### Stored data entries
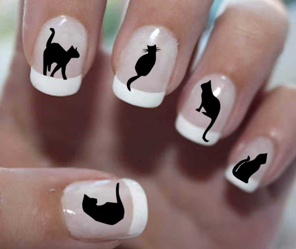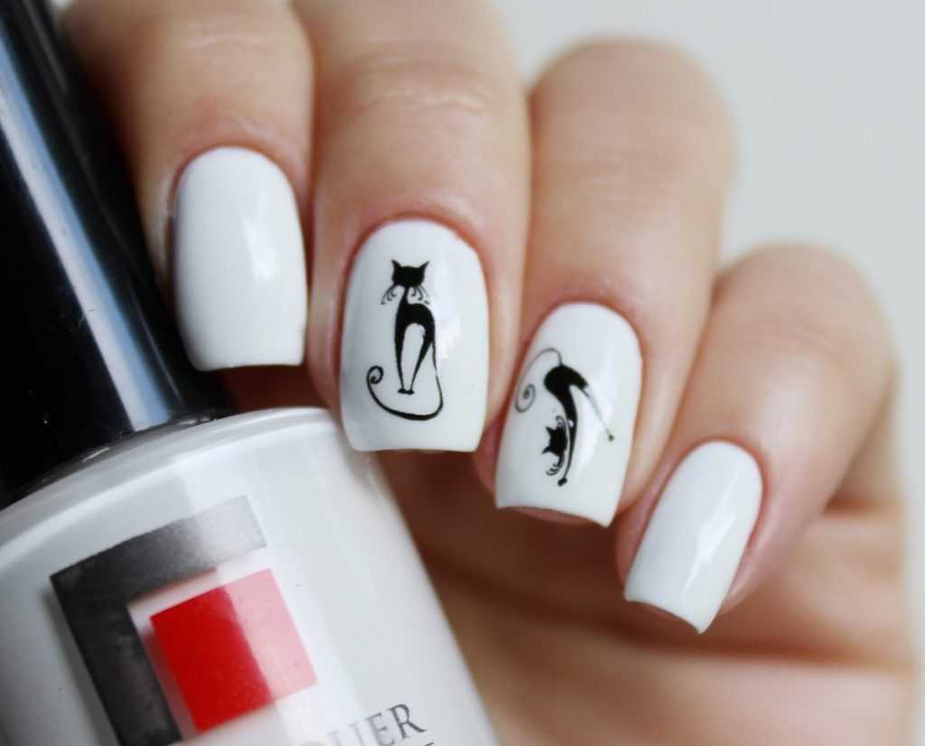 Белый френч с черной кошкой: дизайн ногтей
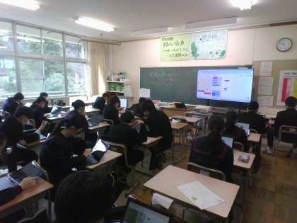 写真中:22H 技術 クロムブックを使って、プログラミングを学習しています。
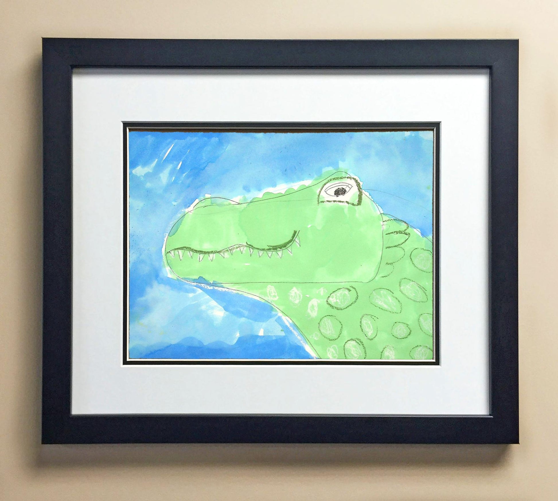 Included with the purchase is the Students Artwork, Frame, double matboard, shatter proof plexiglass, and a ready to hang backerboard with turnbuttons
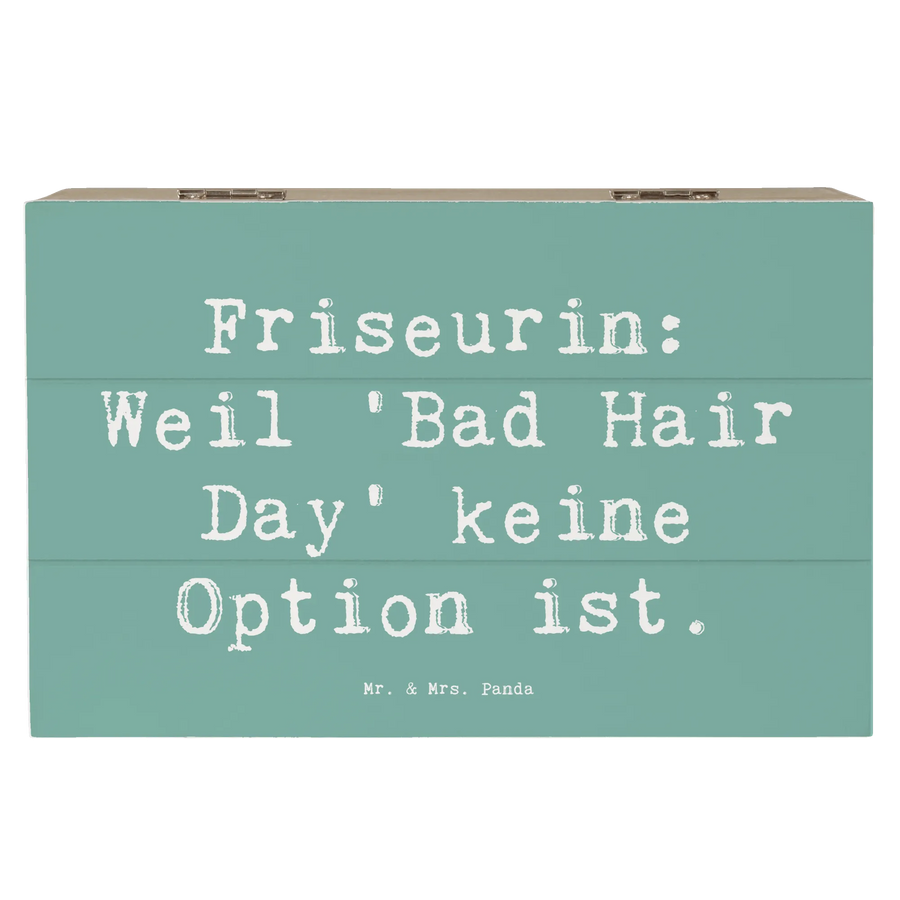 Die Holzkiste "Friseurin: Weil 'Bad Hair Day' keine Option ist." von Mr. & Mrs. Panda ist das perfekte Geschenk für alle, die in der aufregenden Welt der Friseure arbeiten. Diese wunderschöne Holzkiste ist nicht nur ein stilvolles Accessoire, sondern bietet auch ausreichend Platz, um all deine wertvollen Erinnerungen aufzubewahren. Ob Fotos von den besten Frisuren, kleine Auszeichnungen oder bedeutungsvolle Gegenstände – diese Erinnerungskiste bewahrt deine Schätze auf eine charmante Weise.
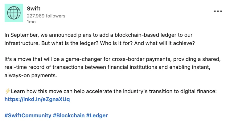 SWIFT已于2025年9月宣布计划在其基础设施中添加基于区块链的账本。SG-Forge是SWIFT账本项目全球合作伙伴之一,项目聚焦于实时、全天候的跨境支付系统,最初基于以太坊软件公司Consensys开发的概念原型。
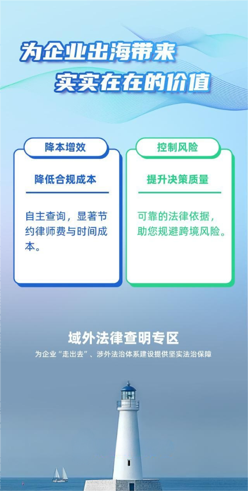 一方面,企业无需依赖境外律师或专业机构,即可自主获取多国法律参考,显著降低法律咨询费用与时间成本;另一方面,系统基于专业解读与官方条文溯源,为海外投资、贸易合作等关键决策提供可靠法律依据,助力企业提升风险预判与应对能力。

### What you should do
Write out the entries word for word. Skip the pictures.

### Response
 Белый френч с черной кошкой: дизайн ногтей
 写真中:22H 技術 クロムブックを使って、プログラミングを学習しています。
 Included with the purchase is the Students Artwork, Frame, double matboard, shatter proof plexiglass, and a ready to hang backerboard with turnbuttons
 Die Holzkiste "Friseurin: Weil 'Bad Hair Day' keine Option ist." von Mr. & Mrs. Panda ist das perfekte Geschenk für alle, die in der aufregenden Welt der Friseure arbeiten. Diese wunderschöne Holzkiste ist nicht nur ein stilvolles Accessoire, sondern bietet auch ausreichend Platz, um all deine wertvollen Erinnerungen aufzubewahren. Ob Fotos von den besten Frisuren, kleine Auszeichnungen oder bedeutungsvolle Gegenstände – diese Erinnerungskiste bewahrt deine Schätze auf eine charmante Weise.
 SWIFT已于2025年9月宣布计划在其基础设施中添加基于区块链的账本。SG-Forge是SWIFT账本项目全球合作伙伴之一,项目聚焦于实时、全天候的跨境支付系统,最初基于以太坊软件公司Consensys开发的概念原型。
 一方面,企业无需依赖境外律师或专业机构,即可自主获取多国法律参考,显著降低法律咨询费用与时间成本;另一方面,系统基于专业解读与官方条文溯源,为海外投资、贸易合作等关键决策提供可靠法律依据,助力企业提升风险预判与应对能力。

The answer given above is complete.